His voice was the only thing unchanged, his voice and his character, but the structure that held them was dissolving. All the old and interconnected knowledge—architecture joined to zoology and Persian myth, recipes for hare, the acquaintance with painters, museums, inland rivers dark with trout—all would vanish when the great inner chambers failed, when in one final hour the rooms of his life dropped away like a building being wrecked. His body had turned against him; the harmony that once reigned within it had disappeared.
“The great specialists for this are in England,” he said. “Dr. Bywaters. What’s the other man’s name, Catherine? In Westminster Hospital. I forget. I thought of going to England, but why undertake such a long trip when I know the answer? The time to go to England was when you and Viri went. We should have done that, I really regret that we didn’t. I love England.”

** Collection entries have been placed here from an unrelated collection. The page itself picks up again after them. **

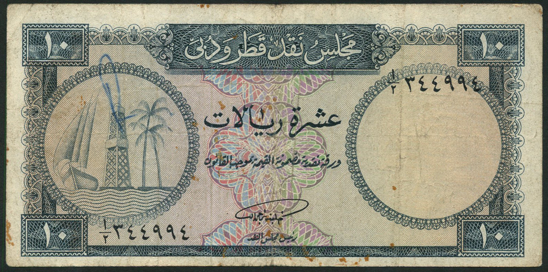 Qatar & Dubai Currency Board, 1 riyal, 5 riyals and 10 riyals ND (1960s), green, purple and grey-blue respectively, all feature dhow, derrick
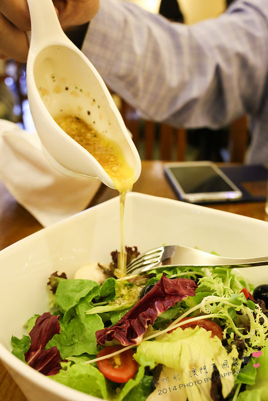 佐以新鮮特調油醋醬(圖左),現吃現淋
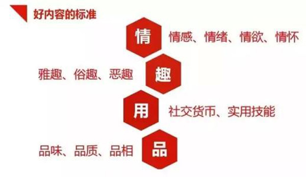 拆解出來,內容運營的四要素:1、方式:產出內容和重組內容;2、目的:滿足用戶內容消費的需求;3、效果:使用次數和品牌認知度;4、能力:策劃和文案。
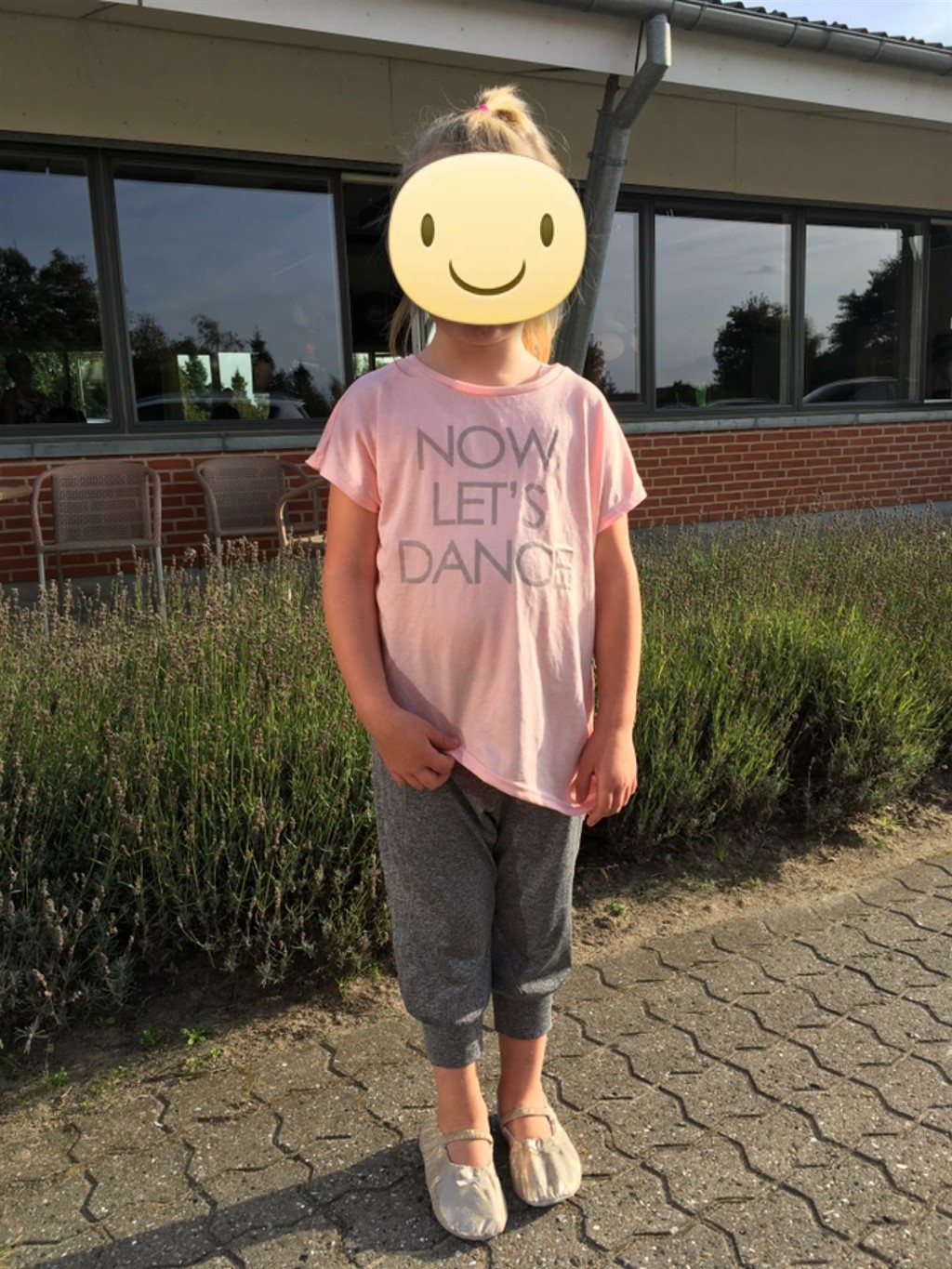 Jeg synes ikke at hun skal have en gymnastikdragt, men meget gerne nogle løse 3/4 bukser og en smart top, eller tights og en løstsiddende kjole.

“We stayed at Brown’s,” Nedra said.
“Brown’s,” he said. “I was having tea there one day. You know how rigorous their afternoon tea is—the fires burning in the fireplaces, cakes. Well, at the next table there was an Englishwoman and her son. He was in his forties and she was one of those county women who ride until they’re eighty. They’d been to a matinée, and for an hour they sat there discussing the play they’d seen, it was The Cherry Orchard . Of course I was listening, and in that hour they exchanged about four sentences. It was a wonderful conversation. She started by saying, after a long silence, ‘Quite a good play.’ Nothing for about fifteen minutes. Finally he said, ‘Um, yes, it was.’ Long, long pause. Then she said, ‘Those marvelous silences…’ About ten minutes more passed. ‘Yes, quite effective,’ he said. ‘So typical of the Slave temperament,’ she said. You know, the English have an absolutely unbending attitude toward pronunciation. Slave, that’s exactly the way she said it.” He fell silent, as if having said something he regretted.

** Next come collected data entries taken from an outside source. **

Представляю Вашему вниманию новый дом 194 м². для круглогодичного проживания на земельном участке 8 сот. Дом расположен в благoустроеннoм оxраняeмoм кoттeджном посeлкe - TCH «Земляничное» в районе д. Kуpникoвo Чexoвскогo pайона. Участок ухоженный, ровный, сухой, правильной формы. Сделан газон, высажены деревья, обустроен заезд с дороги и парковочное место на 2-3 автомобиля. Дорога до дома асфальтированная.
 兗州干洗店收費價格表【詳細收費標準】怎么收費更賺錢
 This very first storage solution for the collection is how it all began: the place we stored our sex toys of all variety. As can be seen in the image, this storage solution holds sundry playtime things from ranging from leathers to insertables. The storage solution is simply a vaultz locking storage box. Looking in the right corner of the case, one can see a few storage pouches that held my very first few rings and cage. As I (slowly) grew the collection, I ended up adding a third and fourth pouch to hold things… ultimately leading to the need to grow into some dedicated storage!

“I’d love to go back to England,” Nedra said.
“Oh, yes. Well, you will.” His voice trailed off.
At the end his wife led him from the room. Small, shuffling steps, as if bearing what remained of his existence.
“He was so pleased to see you,” Catherine said at the door.
We cannot imagine these diseases, they are called idiopathic, spontaneous in origin, but we know instinctively there must be something more, some invisible weakness they are exploiting. It is impossible to think they fall at random, it is unbearable to think it.
Nedra reached the street. She was uneasy, as if the air she had been breathing, the glass from which she drank, had been contaminated. What do we really know of all this, she thought? She had touched his leg. Her throat seemed a bit sore. She must watch herself to see if there were any unusual signs. Foolish, she thought, unworthy. After all, his children lived in the same apartment, his wife slept in the same room. She passed cluttered drugstores in the rear of which pharmacists worked. Cosmetics, medicines, asthma inhalers—she saw her image reflected among them, the sacred objects which could heal, bring happiness. And somewhere above them all, perhaps sleeping now or lying in what passed for sleep, was the victim for whom all cures and benefices were in vain.
Is illness an accident, or is it a kind of choice, the way love is a choice—hidden, involuntary, but sure as a fingerprint? Do we die of some kind of volition, even if it cannot be understood?